● Exercise data
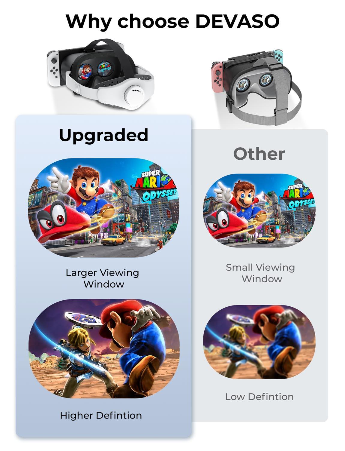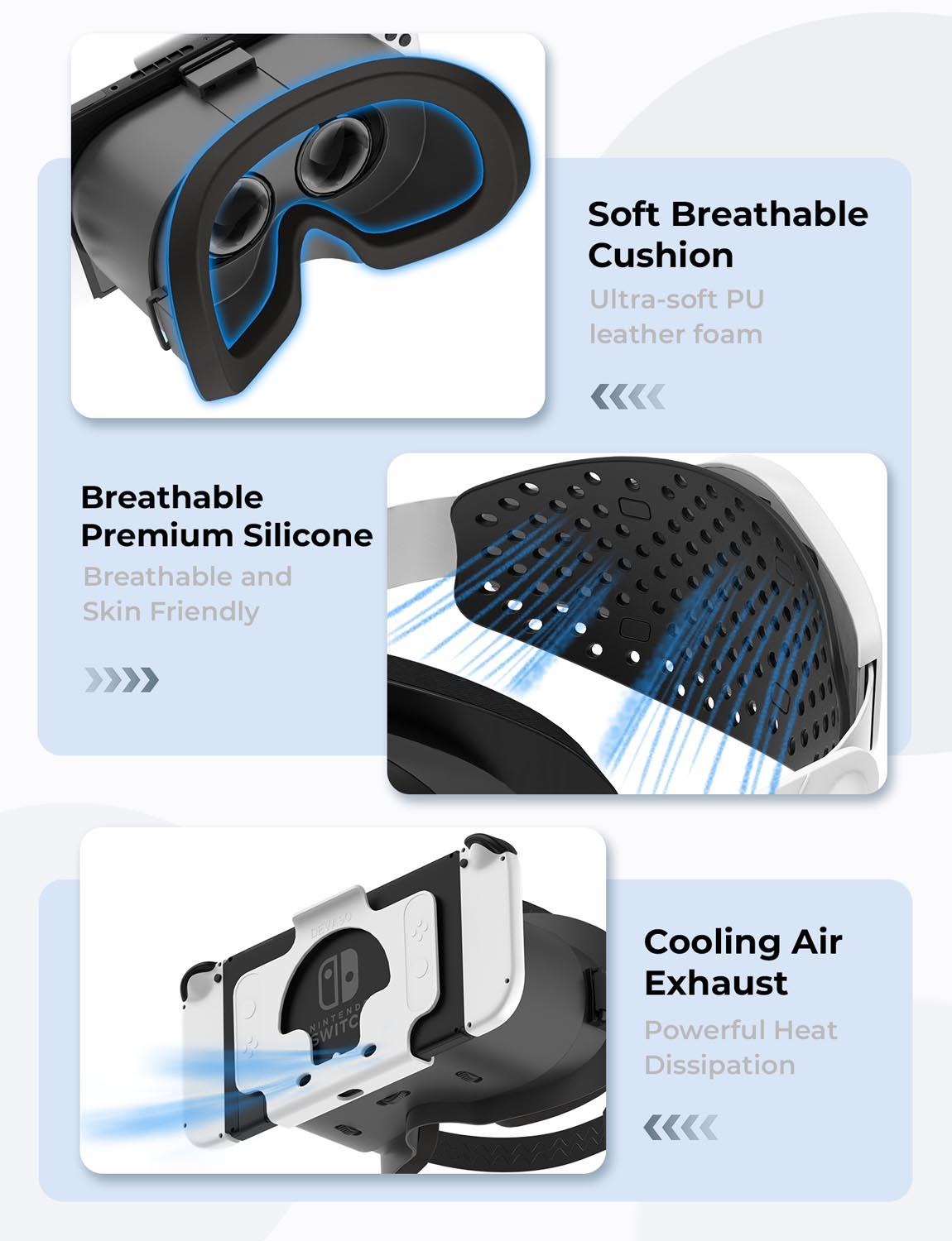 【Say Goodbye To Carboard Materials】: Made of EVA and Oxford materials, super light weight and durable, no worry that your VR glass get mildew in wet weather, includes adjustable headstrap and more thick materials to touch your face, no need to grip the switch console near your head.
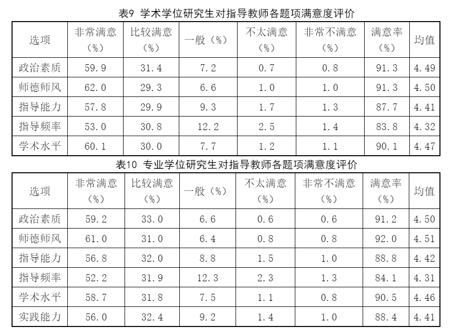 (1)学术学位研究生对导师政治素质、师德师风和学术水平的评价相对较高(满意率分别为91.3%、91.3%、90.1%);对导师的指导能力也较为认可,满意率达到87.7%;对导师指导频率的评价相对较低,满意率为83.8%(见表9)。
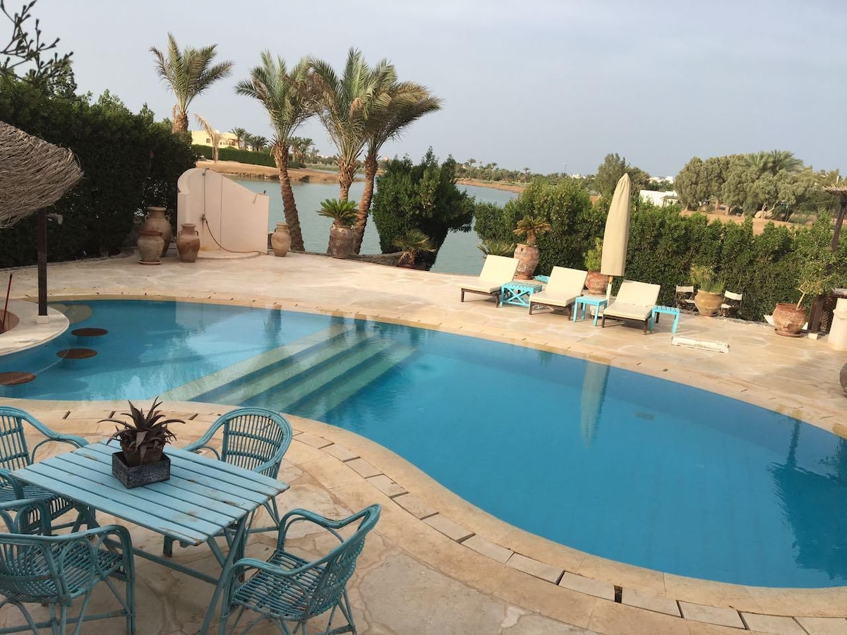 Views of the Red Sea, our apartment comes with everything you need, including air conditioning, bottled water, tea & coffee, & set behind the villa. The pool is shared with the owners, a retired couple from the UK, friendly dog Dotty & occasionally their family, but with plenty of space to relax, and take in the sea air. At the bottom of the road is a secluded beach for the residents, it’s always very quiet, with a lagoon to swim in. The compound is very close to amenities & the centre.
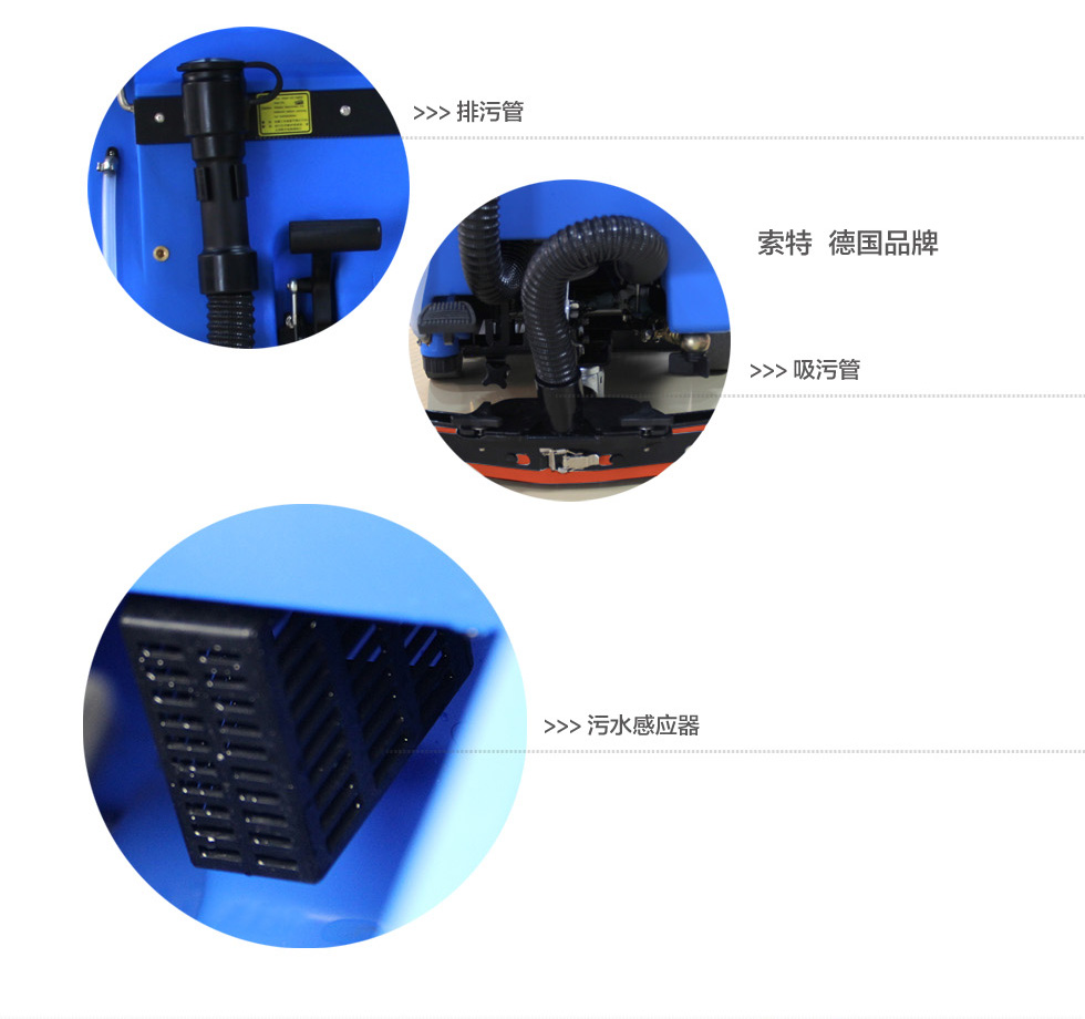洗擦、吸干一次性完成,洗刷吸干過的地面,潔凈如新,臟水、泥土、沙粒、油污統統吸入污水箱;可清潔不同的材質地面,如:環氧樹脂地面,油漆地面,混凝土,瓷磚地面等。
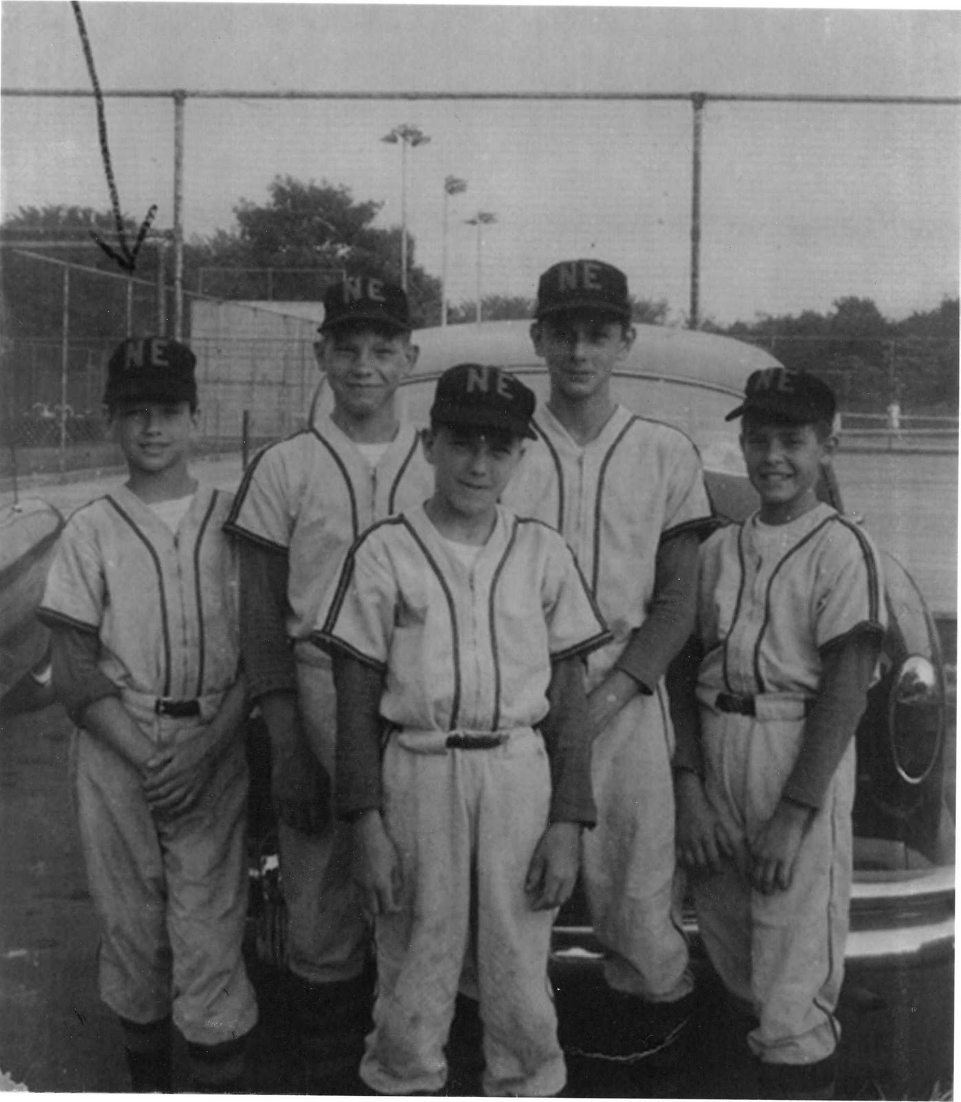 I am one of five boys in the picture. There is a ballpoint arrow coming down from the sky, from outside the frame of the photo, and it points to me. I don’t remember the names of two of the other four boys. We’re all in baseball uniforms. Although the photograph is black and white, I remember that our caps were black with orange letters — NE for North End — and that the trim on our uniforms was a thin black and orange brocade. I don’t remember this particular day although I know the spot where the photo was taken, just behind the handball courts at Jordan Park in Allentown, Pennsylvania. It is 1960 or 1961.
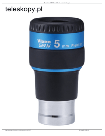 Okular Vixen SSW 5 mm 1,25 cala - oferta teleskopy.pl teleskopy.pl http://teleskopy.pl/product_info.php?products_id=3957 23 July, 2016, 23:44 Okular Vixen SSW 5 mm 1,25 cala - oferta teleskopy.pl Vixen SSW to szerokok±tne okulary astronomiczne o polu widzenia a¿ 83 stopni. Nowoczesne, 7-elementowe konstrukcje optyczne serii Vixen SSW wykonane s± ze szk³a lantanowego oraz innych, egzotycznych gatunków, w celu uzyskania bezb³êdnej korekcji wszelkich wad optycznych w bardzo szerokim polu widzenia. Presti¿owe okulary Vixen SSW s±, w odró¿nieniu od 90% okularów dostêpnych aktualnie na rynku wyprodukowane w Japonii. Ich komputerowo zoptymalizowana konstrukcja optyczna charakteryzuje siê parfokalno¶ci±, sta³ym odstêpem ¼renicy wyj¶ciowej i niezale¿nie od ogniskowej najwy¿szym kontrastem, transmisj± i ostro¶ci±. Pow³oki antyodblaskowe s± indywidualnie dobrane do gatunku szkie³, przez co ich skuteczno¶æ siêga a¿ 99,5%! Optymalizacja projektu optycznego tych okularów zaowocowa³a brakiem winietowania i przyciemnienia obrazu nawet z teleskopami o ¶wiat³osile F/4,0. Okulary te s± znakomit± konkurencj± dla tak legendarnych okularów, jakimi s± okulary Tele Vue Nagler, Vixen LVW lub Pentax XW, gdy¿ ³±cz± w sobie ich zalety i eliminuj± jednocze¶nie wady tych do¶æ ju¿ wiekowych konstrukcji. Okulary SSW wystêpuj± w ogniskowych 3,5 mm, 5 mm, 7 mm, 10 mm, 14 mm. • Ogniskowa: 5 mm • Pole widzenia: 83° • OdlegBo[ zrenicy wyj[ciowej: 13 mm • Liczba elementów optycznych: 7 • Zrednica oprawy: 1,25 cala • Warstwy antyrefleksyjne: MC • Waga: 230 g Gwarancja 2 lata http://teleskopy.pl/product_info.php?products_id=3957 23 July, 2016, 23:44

● Your assignment
Copy every line above exactly; images stay out.

● Task output
 【Say Goodbye To Carboard Materials】: Made of EVA and Oxford materials, super light weight and durable, no worry that your VR glass get mildew in wet weather, includes adjustable headstrap and more thick materials to touch your face, no need to grip the switch console near your head.
 (1)学术学位研究生对导师政治素质、师德师风和学术水平的评价相对较高(满意率分别为91.3%、91.3%、90.1%);对导师的指导能力也较为认可,满意率达到87.7%;对导师指导频率的评价相对较低,满意率为83.8%(见表9)。
 Views of the Red Sea, our apartment comes with everything you need, including air conditioning, bottled water, tea & coffee, & set behind the villa. The pool is shared with the owners, a retired couple from the UK, friendly dog Dotty & occasionally their family, but with plenty of space to relax, and take in the sea air. At the bottom of the road is a secluded beach for the residents, it’s always very quiet, with a lagoon to swim in. The compound is very close to amenities & the centre.
洗擦、吸干一次性完成,洗刷吸干過的地面,潔凈如新,臟水、泥土、沙粒、油污統統吸入污水箱;可清潔不同的材質地面,如:環氧樹脂地面,油漆地面,混凝土,瓷磚地面等。
 I am one of five boys in the picture. There is a ballpoint arrow coming down from the sky, from outside the frame of the photo, and it points to me. I don’t remember the names of two of the other four boys. We’re all in baseball uniforms. Although the photograph is black and white, I remember that our caps were black with orange letters — NE for North End — and that the trim on our uniforms was a thin black and orange brocade. I don’t remember this particular day although I know the spot where the photo was taken, just behind the handball courts at Jordan Park in Allentown, Pennsylvania. It is 1960 or 1961.
 Okular Vixen SSW 5 mm 1,25 cala - oferta teleskopy.pl teleskopy.pl http://teleskopy.pl/product_info.php?products_id=3957 23 July, 2016, 23:44 Okular Vixen SSW 5 mm 1,25 cala - oferta teleskopy.pl Vixen SSW to szerokok±tne okulary astronomiczne o polu widzenia a¿ 83 stopni. Nowoczesne, 7-elementowe konstrukcje optyczne serii Vixen SSW wykonane s± ze szk³a lantanowego oraz innych, egzotycznych gatunków, w celu uzyskania bezb³êdnej korekcji wszelkich wad optycznych w bardzo szerokim polu widzenia. Presti¿owe okulary Vixen SSW s±, w odró¿nieniu od 90% okularów dostêpnych aktualnie na rynku wyprodukowane w Japonii. Ich komputerowo zoptymalizowana konstrukcja optyczna charakteryzuje siê parfokalno¶ci±, sta³ym odstêpem ¼renicy wyj¶ciowej i niezale¿nie od ogniskowej najwy¿szym kontrastem, transmisj± i ostro¶ci±. Pow³oki antyodblaskowe s± indywidualnie dobrane do gatunku szkie³, przez co ich skuteczno¶æ siêga a¿ 99,5%! Optymalizacja projektu optycznego tych okularów zaowocowa³a brakiem winietowania i przyciemnienia obrazu nawet z teleskopami o ¶wiat³osile F/4,0. Okulary te s± znakomit± konkurencj± dla tak legendarnych okularów, jakimi s± okulary Tele Vue Nagler, Vixen LVW lub Pentax XW, gdy¿ ³±cz± w sobie ich zalety i eliminuj± jednocze¶nie wady tych do¶æ ju¿ wiekowych konstrukcji. Okulary SSW wystêpuj± w ogniskowych 3,5 mm, 5 mm, 7 mm, 10 mm, 14 mm. • Ogniskowa: 5 mm • Pole widzenia: 83° • OdlegBo[ zrenicy wyj[ciowej: 13 mm • Liczba elementów optycznych: 7 • Zrednica oprawy: 1,25 cala • Warstwy antyrefleksyjne: MC • Waga: 230 g Gwarancja 2 lata http://teleskopy.pl/product_info.php?products_id=3957 23 July, 2016, 23:44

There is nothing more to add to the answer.